BOY = Beginning of Year
EOY = End of Year
COGS = Cost of Goods Sold
When dealing with inventory, your BOY inventory balance must match your prior year EOY balance. If it does not, then you will have some explaining to do do the IRS. There is absolutely no reason for the BOY inventory balance to not match the prior year's EOY balance. None what-so-ever.
Keeping this mind, in your first year of business (or first year dealing with inventory) your BOY balance must be zero. No exceptions. It doesn't matter if you actually purchased that inventory years ago either. If in the prior year you were not in business or did not report inventory, there is absolutely no possible way you can have an inventory balance greater than zero in that first year of dealing with inventory.
Also, understand that inventory is not a deductible business expense until the tax year you actually sell that inventory. There are no exceptions. So with all this, here's a few examples. Example 1 shows the first year of dealing with inventory. Example 2 shows the 2nd year of dealing with inventory.
Example 1:
BOY Inventory balance = $0 (What *you* paid for that inventory)
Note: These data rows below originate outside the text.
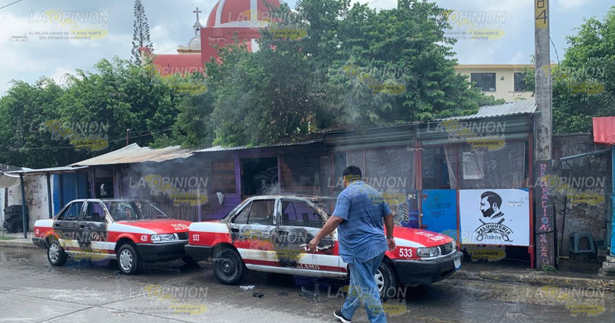 Álamo, Ver. – Una fuerte movilización policíaca se presentó la tarde de este día en la calle Ferrocarril de la zona centro de este municipio justo atrás de la iglesia Nuestra Señora de los Dolores, cuando sujetos armados llegaron hasta el sitio de taxis de la ruta que va de la cabecera hacia Tincontlán y rociaron con gasolina dos unidades, las cuales posteriormente les prendieron fuego.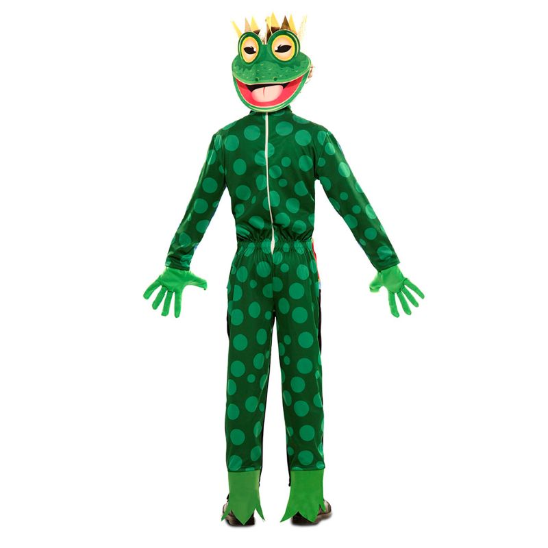 O fato inédito Duplo príncipe e rã para meninos inclui: Macacão, coroa com máscara, luvas | Este disfarce de Príncipe e rã encantada para crianças está disponível em 3 tamanhos diferentes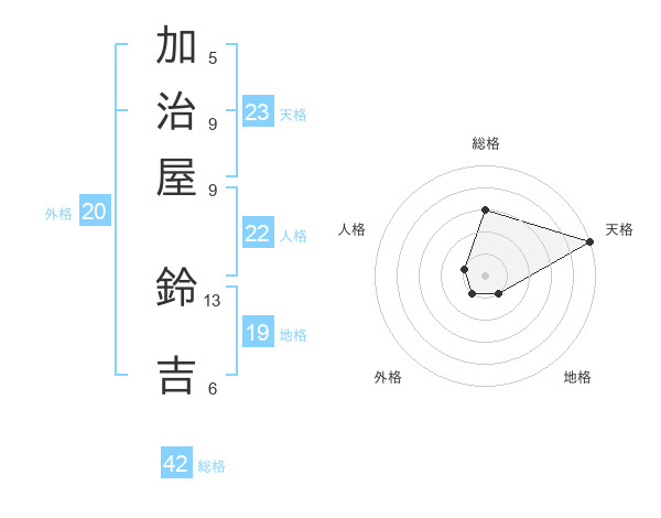 加治屋 鈴吉さんの天格は23画の5点

COGS = $5000 (What *you* paid for that inventory)
EOY Inventory balance - $2000 (What *you* paid for that inventory)
The above indicates that on Jan 1 of the tax year you had no inventory. Then during that tax year you sold $5000 of your inventory and ended the year with $2000 of inventory. Therefore with simple math one can see that you purchased a total of $7000 of inventory during the tax year, and in that same tax year you sold $5000 of that inventory. That $5000 is deductible.
Example 2:
BOY Inventory balance = $2000 Take special note that this balance matches the prior year's EOY inventory balance, exactly.
COGS = $4000 This is what I paid for the inventory that I actually sold during the tax year. It *does* *not* *matter* in what tax year I paid for it either.
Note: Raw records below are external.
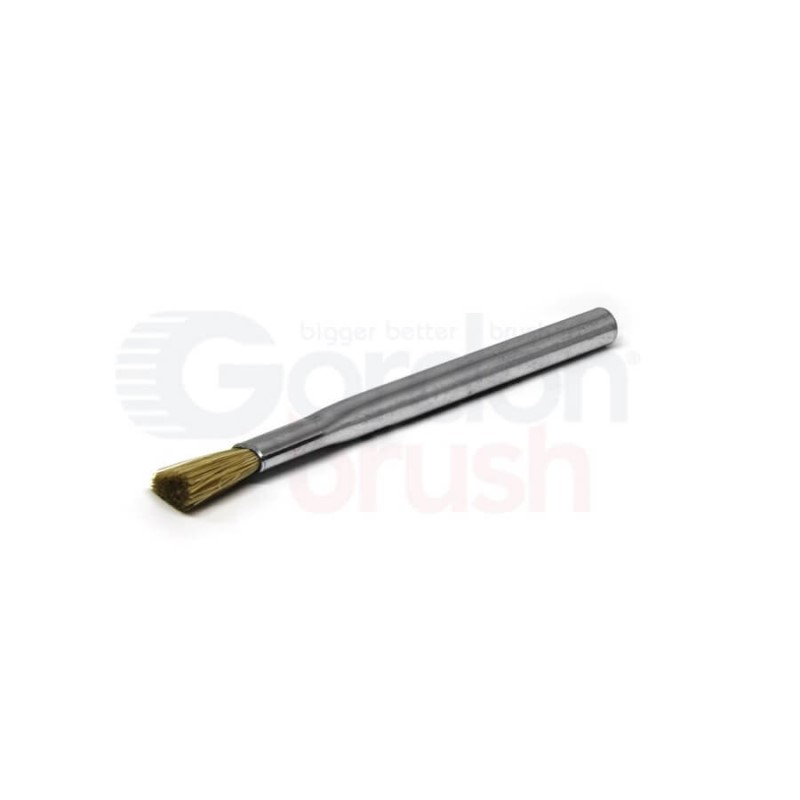 Anti-static hog bristle applicator brush with a zinc-plated steel handle. Constructed with strong mechanical clamping for maximum fiber retention, and contains no adhesives that can leach out and contaminate work areas. An inexpensive utility duster and cleaner that is an excellent replacement for disposable acid brushes that quickly shed fibers. Has a 3/4" trim, a handle length of 4-1/2" x 3/8" diameter. Brush face width is 5/8".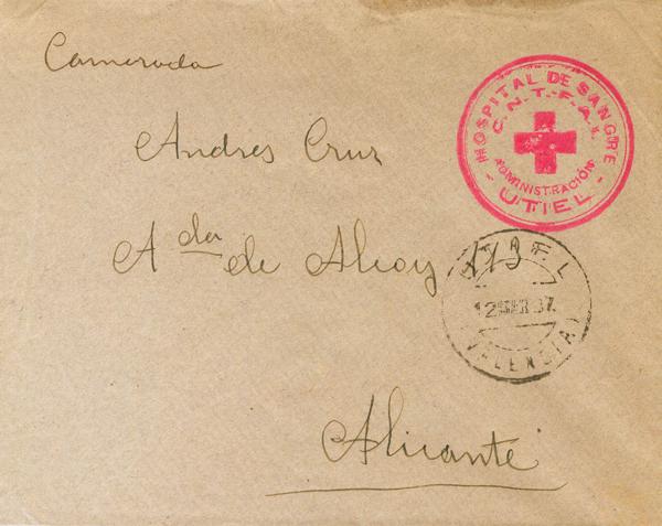 1937. UTIEL (VALENCIA) a ALICANTE. Marca HOSPITAL DE SANGRE / C.N.T.-F.A.I. / ADMINISTRACION / UTIEL, en carmÃn y al dorso llegada. MAGNIFICA Y MUY RARA.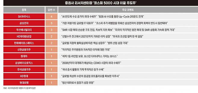 애널리스트 10명 중 4명이 꼽은 주도주 1위는 SK하이닉스다. 올 들어 주가가 57% 상승했지만, 여전히 실적을 떠받칠 고대역폭메모리(HBM) 수요가 탄탄하기 때문이다.

EOY inventory balance - $3000 This is what I paid for the inventory I had left over on Dec 31 of the tax year. Again, it does not matter in what tax year I paid for that inventory either.
With the above, we can see that I started the tax year with $2000 of inventory. With some simple math we can see that an additional $7000 of inventory was purchased during the tax year, bringing my total inventory for the year to $9000. Of that, I sold $4000 of inventory leaving me with $3000 of inventory on Dec 31 of the tax year. The $3000 I paid for the inventory I sold, is deductible from my taxable business income now.